MySQL Parallel Replication Pitfalls: Group Commit Sync Delay

Replication lag is one of the most common problems affecting asynchronous replication of MySQL databases. This can happen for several reasons, the most common two of which are:

  1. Insufficient disk I/O capacity on the slave
  2. Large transactions that take a long time to apply

These two have obvious solutions.

Point 1 has to be solved at either hardware or file system level (or, more dangerously, by relaxing flushing constraints at MySQL level by relaxing innodb_flush_log_at_trx_commit, which will result in having to re-initialise replicas in case of a crash or an unclean shutdown).

Point 2 requires a rethink of application design at requirements level to keep the transactions fast and short.

But in this article, we will focus on the third most common scenario caused by the performance constraint of running the replication process in a single thread. In this case, transactions are fast, and disk I/O is plentiful. Still, the single replication thread cannot apply the transactions fast enough to keep up with the transactions being flooded in by the master that can process them with high concurrency.

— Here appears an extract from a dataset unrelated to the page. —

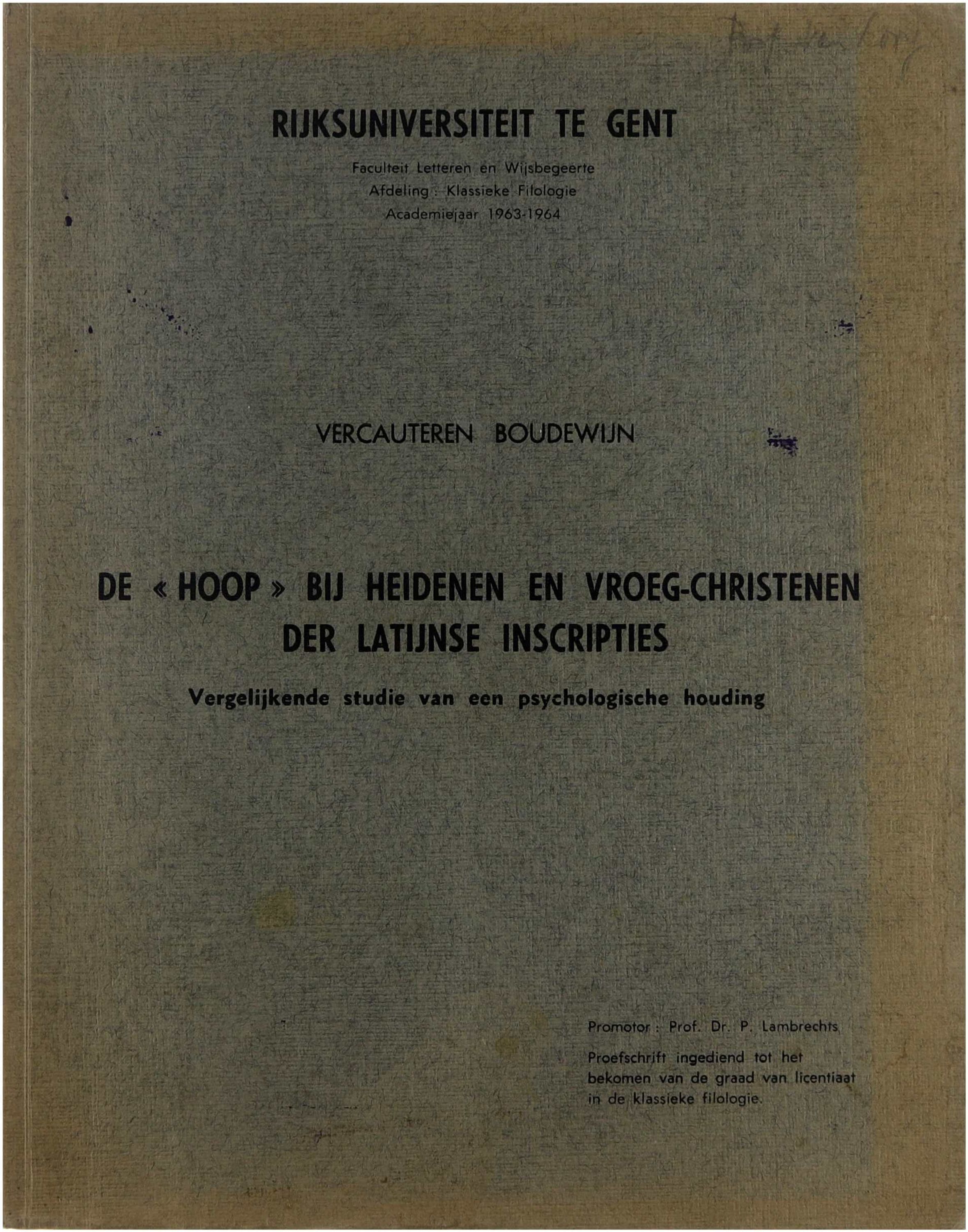 De "hoop" bij heidenen en vroeg-christenen der Latijnse inscripties. Vergeijkende studie van een psychologische houding

MySQL Parallel Replication

MySQL has a solution for this – parallel replication. To make the use of parallel replication effective, we have to ensure that there are enough non-conflicting transactions committed in the same commit group for the replication threads to process. To do this, however, we have to introduce a delay between when a transaction is committed and when it is written to the binary log for replication. If there is no delay, then every transaction will commit and written separately to the replication log. The delay allows multiple committed transactions if they didn’t touch the same rows, to be written as non-conflicting to the binary log as part of the same commit group.

If transactions touch the same rows, MySQL will finish writing the commit group and write the transaction that would conflict in the same commit group into the next commit group.

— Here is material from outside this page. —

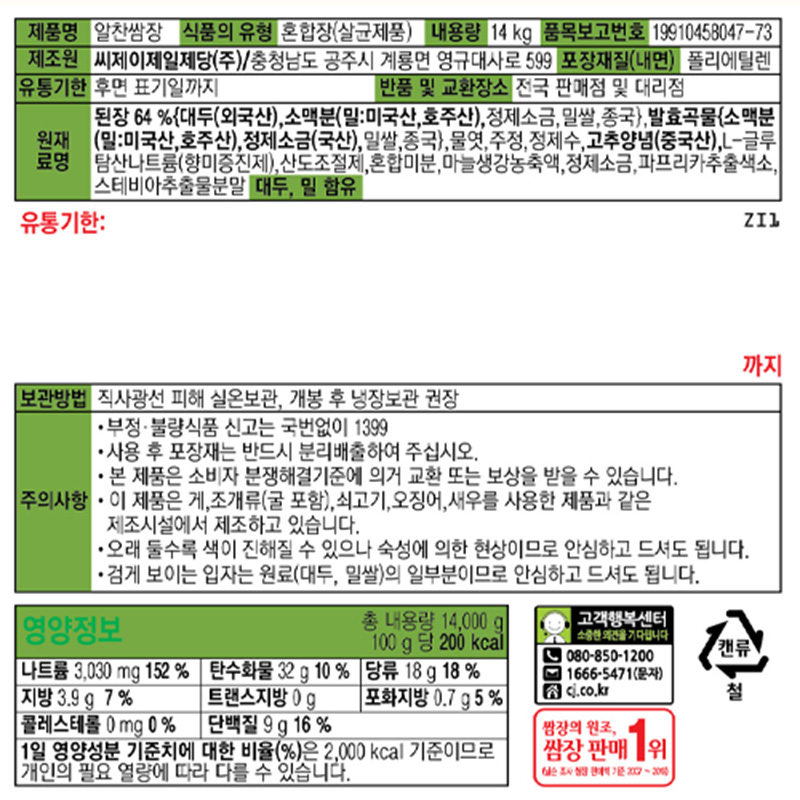 ★제당 초특가★해찬들 알찬 쌈장(14Kg/EA)

There are two settings used to configure the behaviour of writing transactions to replication logs into concurrently executable commit groups:

binlog_group_commit_sync_delay
binlog_group_commit_sync_no_delay_count

The transaction commit group will contain at most binlog_group_commit_sync_no_delay_count transactions. If this many accumulate before the delay specified by binlog_group_commit_sync_delay is reached, the transaction group will be committed to binlog, and the next transaction group buffering will begin.

The problem here is the delay introduced. It can be up to 1 second and is settable in microseconds. The problem is that we cannot just set it to 1,000,000 microseconds because this will delay transactions to 1 second. On a mostly idle system, we don’t want to introduce a 1-second delay just because we are processing fewer than one transaction per second during a quiet period.

Tuning MySQL Parallel Replication

So how should we tune this? First of all, it should be stressed that parallel replication should be considered only after the first two scenarios listed above have been assessed and rectified or determined not to be the root cause of replication lag.

We have to consider how many threads we want our replicas to use. As an absolute maximum, it should be, at most, the number of available CPU cores on the replica. A reasonable number is usually half this because many other threads are working, such as various I/O threads, replication log fetching and parsing threads, and threads serving user-facing workload served by the replica. This is configured on the replica using the slave_parallel_threads setting.

The slave_parallel_threads setting should be adjusted to the minimum number required for the replica to keep up with the peak daily workload.

In turn, binlog_group_commit_sync_no_delay_count should be set to the same value on the master.

binlog_group_commit_sync_delay should be set to the minimum required to allow for binlog_group_commit_sync_no_delay_count transactions to accumulate during peak daily throughput on the master.

Establishing and tuning these numbers requires a good monitoring tool such as Shattered Silicon Monitoring (SSM) or Percona Monitoring and Management (PMM). It should also be noted that as and when the volume and nature of the transactional workload changes, these values must be recalibrated over time.